I have my limits. I had just raced up and down my stairs to get my family out of my burning home. Many of my belongings were smoldering twenty feet away. My burning couch was lying in my front yard, where it had been tossed by the firemen, and it was crushing my azaleas. My daughter was crying. My heart was still pounding. I didn’t expect much sympathy, but in exchange for my tax dollars and my burning house, I was hoping for at least a little courtesy. But it was obvious that the policeman assigned to the fire that night was about as interested in figuring out what caused it as he was in running the Chicago marathon.

I resisted the urge to call him the names that were on the tip of my tongue; instead I explained to him why I didn’t think it was the TV. Or the boiler. Or the wiring. I was still talking when he looked up at me for the first time and said, “Board it up and call your insurance company.” And he drove off.

By 1984, I had come a little ways from being just another kid in a poor Chicago neighborhood who stood politely with my hands on a car hood whenever a policeman stopped me on my own block. So instead of just calling my insurance company, I also called my new boss, Ben Reyes, the deputy mayor of the city of Chicago. He reported directly to the mayor, a mayor I would soon meet with pretty regularly. I explained my situation. My house had burned and the police weren’t exactly being helpful. He called the deputy mayor in charge of the police and fire departments. Just as the last flames from my house were crackling out and the smoke was starting to drift away, two younger and more interested investigators from the bomb and arson squad showed up. They had gotten a call.

I told them what happened. The crash, the weird cone of flame. They didn’t look at me like I was crazy. They were less interested in their report book and more interested in what I had to say. We talked while the water dripped off the front of my now-exposed living room and the house started to cool down.

The younger investigator said we should go in and look around. It looked dangerous to me, but I was eager to see what I could salvage. The glow of his flashlight illuminated what was left. The fire department had put the fire out quickly, and the back of the house was still in decent shape. The front—upstairs and down—was burned down to the floors, framework, and bricks. I hoped I could save a few toys from my daughter’s bedroom, maybe a few things from the kitchen. There wasn’t going to be much. As the investigator and I carefully walked through what used to be my living room, he stopped. It was hot. He sniffed and looked at me.

“Electrical fire, huh?”

I wasn’t sure if he was making fun of me or the other cop. His flashlight scanned the floor, then stopped.
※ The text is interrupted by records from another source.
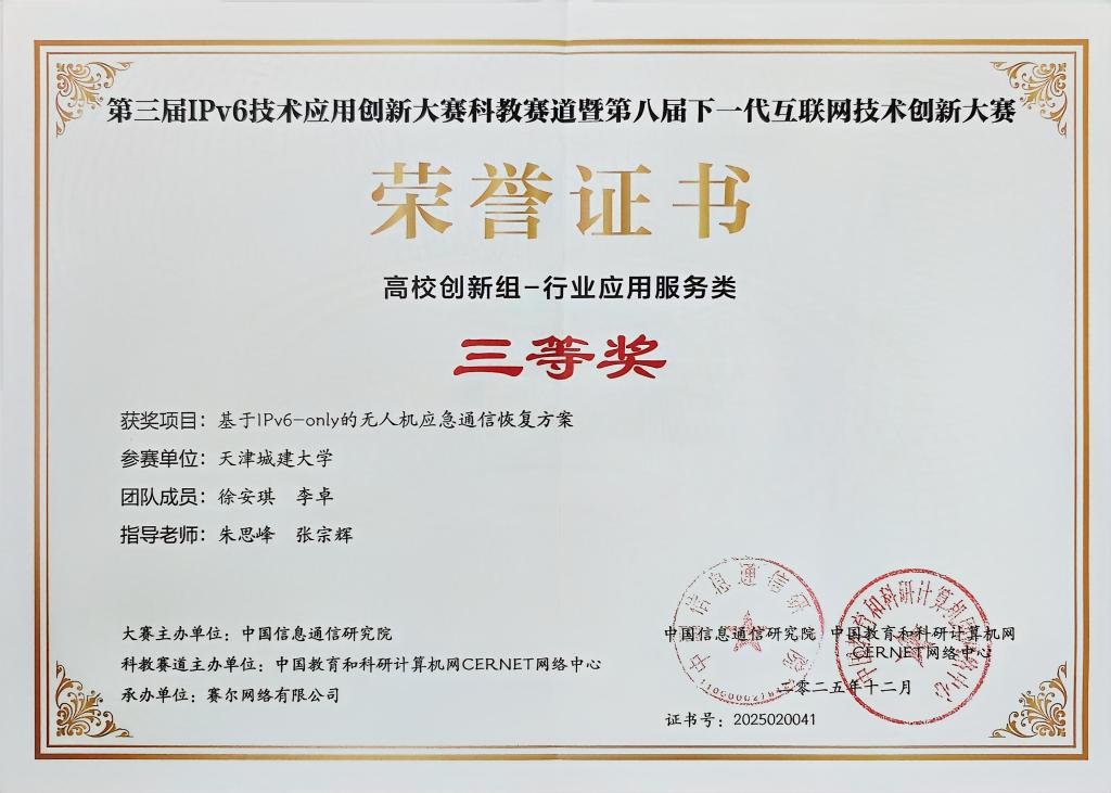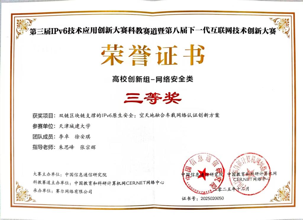 由中央网信办指导,中国教育和科研计算机网CERNET网络中心主办的“第三届IPv6技术应用创新大赛科教赛道暨第八届下一代互联网技术创新大赛”决赛于2025年12月5日在北京圆满收官。公司朱思峰教授和张宗辉老师共同指导的2个参赛项目《基于IPv6-only的无人机应急通信恢复方案》(负责人:徐安琪)和《双链区块链支撑的IPv6原生安全:空天地融合车载网络认证创新方案》(负责人:李卓),经激烈角逐,最终摘得全国三等奖2项。
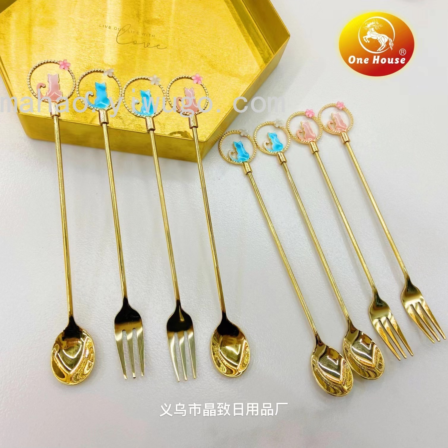 一家原创不锈钢咖啡搅拌勺 水果叉
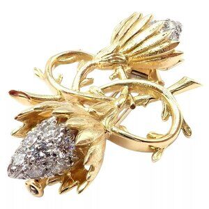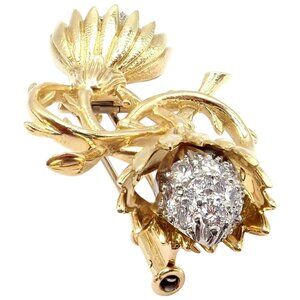 This exquisite Tiffany & Co Schlumberger double thistle pin is meticulously crafted in 18k yellow gold and platinum.
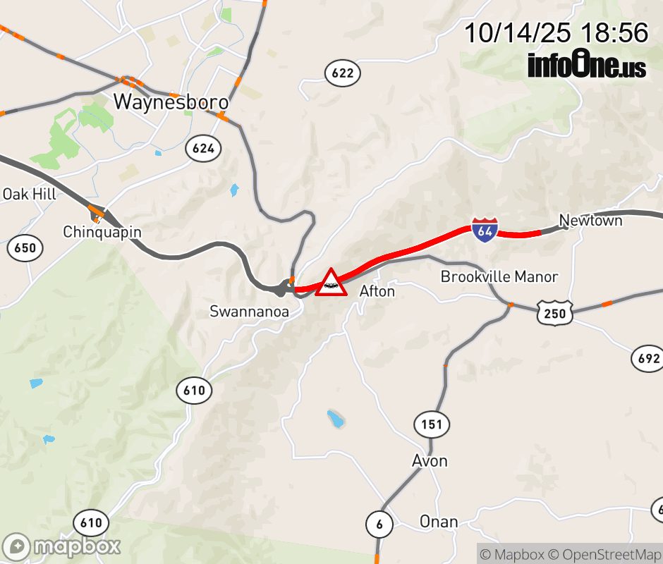 On I-64 West at mile marker 100.3 in the County of Albemarle, motorists can expect delays due to a vehicle crash. Traffic backups are approximately 2.0 miles. Updated: Tue 10/14/25 6:56 PM EDT ![]() Updated: Tue 10/14/25 6:56 PM EDT |
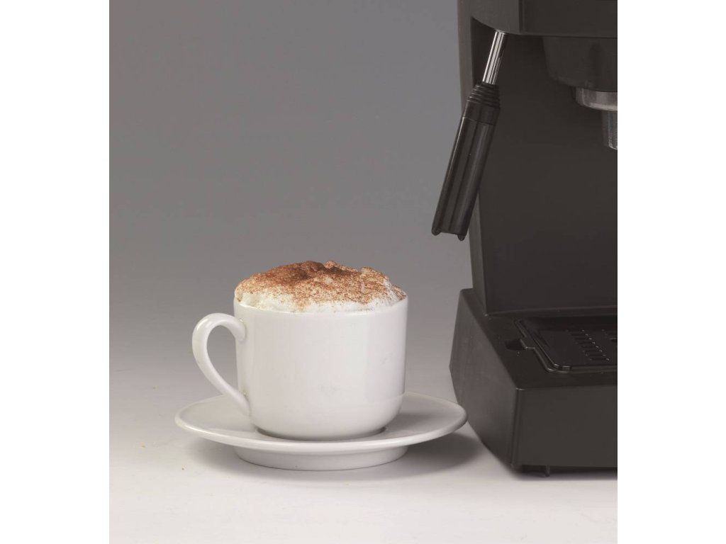 Domáci pákový kávovar na cappuccino, latté, alebo klasické espresso má odnímateľnú odkvapkávaciu mriežku a nádržku na vodu s kapacitou 0,9 l. Umožňuje použitie šálok s výškou 9 – 10 cm.
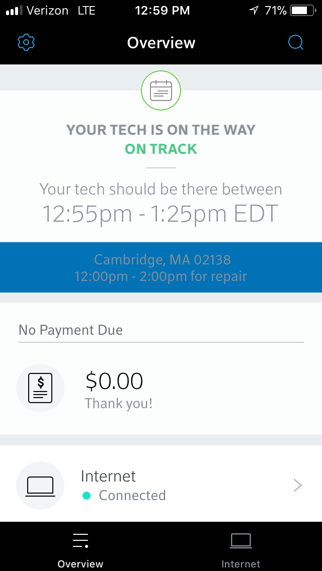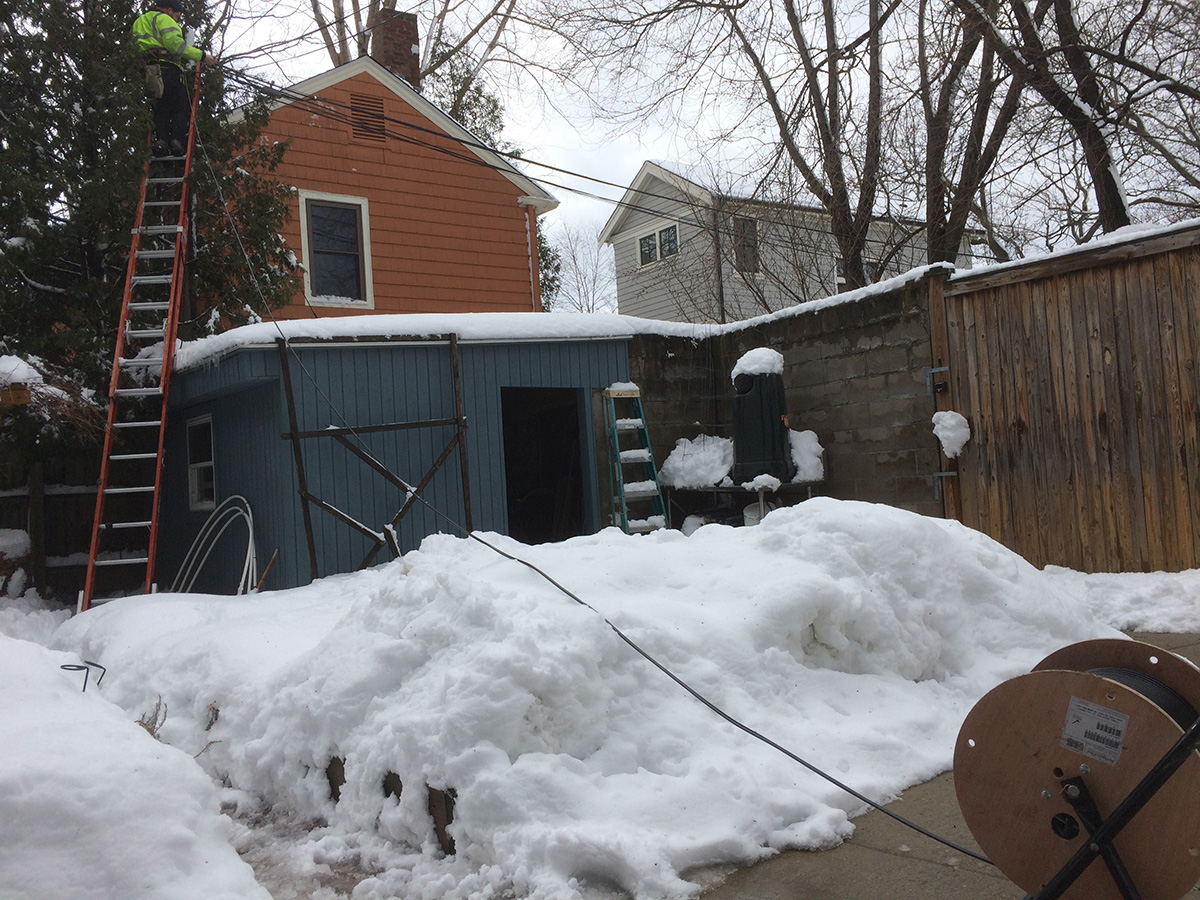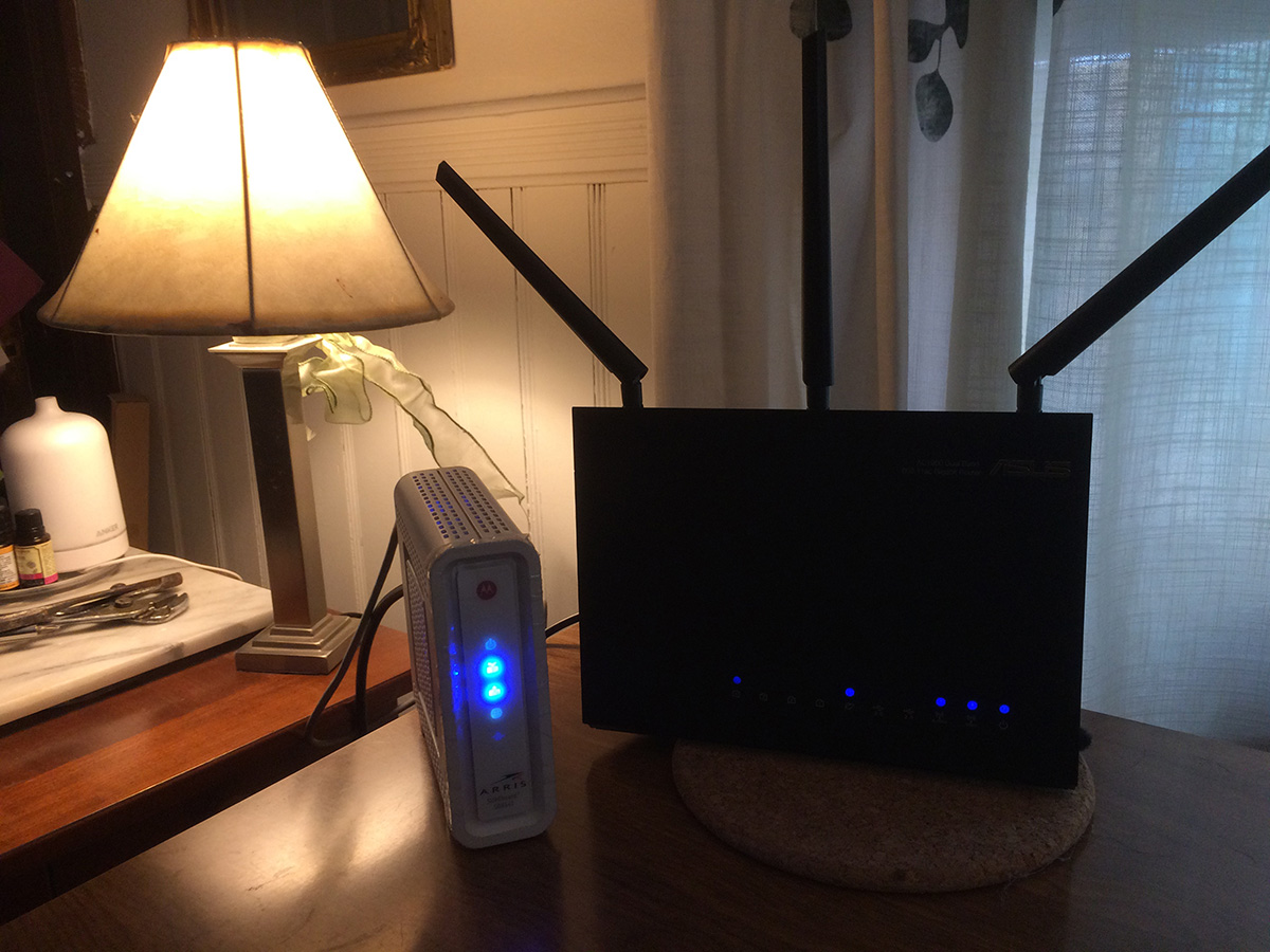 the comcast technician showed up around 1:15pm. i saw the van pulled up in front of the house and i went outside to greet him, just in case he tried calling the wrong number. after checking the coaxial cable for signal strength (weak), he replaced the line. the utility pole was in an awkward spot, wedged between several properties, hidden in an evergreen tree. i showed a path so he could get in with his ladder. he climbed up and replaced the coaxial. he told me that squirrels had chewed through the cable. it might've worked if it had time to dry out, but water had gotten inside, which was causing the weak signal strength. besides the cable, he also replaced the splitter. once that was done, i went inside to check the cablemodem and saw it was working again, all the proper lights were on. it took a few more minutes for the router to fire up to see that wifi was working too. i called my sister to let her know she could come back to the house.
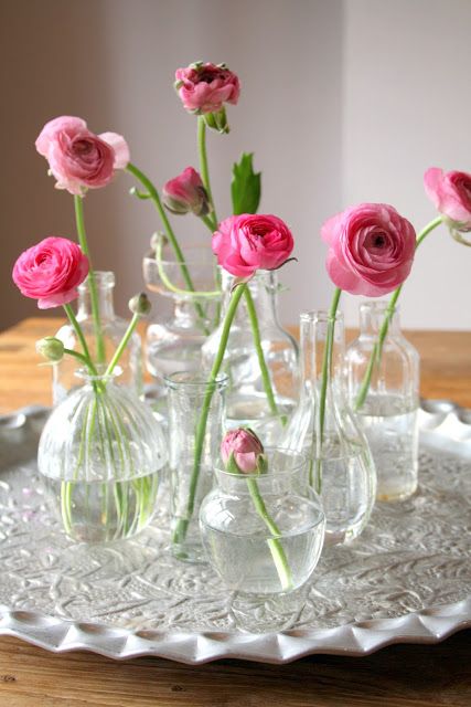Com um vidro cilíndrico, você coloca água no fundo e algumas flores ou numa taça você improvisa com uma única flor...e fica lindo!

“You collect bricks, Mr. Gutiérrez?”

He shined his light on a brick smoldering in the debris, just a few feet away from where I had been sleeping on the couch.

“No sir, I don’t collect bricks.”

“You ever seen that brick before?”

He moved his light over the area around the brick, and then looked back at me.

“Have you been drinking, Mr. Gutiérrez?”

I wasn’t quite sure whether to be mad or amused.

“No, I haven’t been drinking.” And I hadn’t. My only liquid vice is drinking Coca-Cola for breakfast.

“Well, that sure looks like the bottom of a big jug of wine to me,” he said.

He was right. Near the brick was the still-intact bottom of a Gallo or Paul Masson wine jug. It looked like a green Frisbee made out of glass.

Then he leaned down and found the handle and the top of the jug, with part of a rag still sticking out of the hole. He held it up. He was smiling. He pushed the rag up toward me.

“Take a look at this, and smell the house. What do you smell?”

I hadn’t thought too much about the smell—it just smelled like fire and smoke. It smelled like it was going to cost me a lot of time and money. But once I really sniffed, the smell was unmistakable, the same thing you smelled every time you pulled into the Mobile station. It smelled like gasoline.

I was still confused.

“Why the brick?”

“They threw the brick through the window. That was probably your crash. Then they threw the jug filled with gasoline through the hole where your window used to be. The jug filled with gasoline won’t break the window. It would just break and catch on fire when it hits the window. That just gives you an exterior fire, and they wanted to make sure they got the gasoline inside the house.”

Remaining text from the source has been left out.